Join is not the most important, but I do think it's often easier to define than bind. I often find myself implementing bind by explicitly using join.

join IS the most important from the categorical point of view. In a way it is natural to define 'bind' from 'join', but in Haskell, it is not always possible (see the Monad/Functor problem).

As I said, from the mathematical point of view, join (often noted μ in category theory) is the (natural) transformation which with return (η that I may have erroneously written ε in some previous mail) defines a monad (and requires some additionnal law). As often some points it out, Haskellers are not very right in their definition of Monad, not because of the bind vs join (in fact in a Monad either of them can be defined from the other one), but because of the functor status of a Monad. A monad, should always be a functor (at least to fit its mathematical definition). And this problem with the functor has probably lead to the use of "bind" (which is polymorphic in two type variables) rather than "join" (which has only one type variable, and thus is simpler). The problem, is that when 'm' is a Haskell Monad which does not belong to the Functor class, we cannot define 'bind' in general from 'join'.

That is in the context where you have:

return:∀ a. a → (m a) join:∀ a. (m (m a)) → (m a) x:m a f:a → (m b)

you cannot define some term of type 'm b', since you would need to use at the end, either 'f' (and you would require to produce a 'a' which would be impossible), or 'return' (and you would need to produce a 'b', which is impossible), or 'join' (and you would need to produce a 'm (m b)', and recursively for that you cannot use return which would make you go back to define a 'm b' term)
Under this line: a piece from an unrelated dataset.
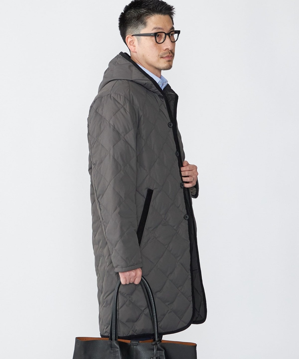 毎年好評のキルティングジャケットに加え、キルティングの縁をパイピングした英国調のフードコートをTAIONに依頼。もちろん中綿ではなく800フィルパワーのダウンを採用し、通常のキルティングコートより保温性も高く、かつ軽く仕上がっております。

For that, you need the 'fmap' operation of the functor.

return:∀ a. a → (m a) join:∀ a. (m (m a)) → (m a) fmap:∀ a b. (a→b) → ((m a)→(m b)) x:m a f:a → (m b)

in this context defining a term of type 'm b' is feasible (join (fmap f x)), so that you can express "bind = \ x f -> join (fmap f x)".
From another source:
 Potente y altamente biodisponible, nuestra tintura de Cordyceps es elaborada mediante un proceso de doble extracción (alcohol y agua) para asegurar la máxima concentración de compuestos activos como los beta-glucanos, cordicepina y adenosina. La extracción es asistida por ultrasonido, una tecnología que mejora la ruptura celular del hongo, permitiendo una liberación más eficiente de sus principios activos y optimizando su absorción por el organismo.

To sum up, mathematical monads are defined from 'return' and 'join' as a mathematical monad is always a functor (so 'fmap' is defined, and 'bind', which is more complex than 'join' can be defined from 'join' and 'fmap'). Haskell does not use a very good definition for their monads, as they may not be instance of the Functor class (although most of them can easily be defined as such), and without this 'fmap', 'join' and 'return' would be pretty useless, as you wouldn't be able to move from a type 'm a' to a type 'm b'.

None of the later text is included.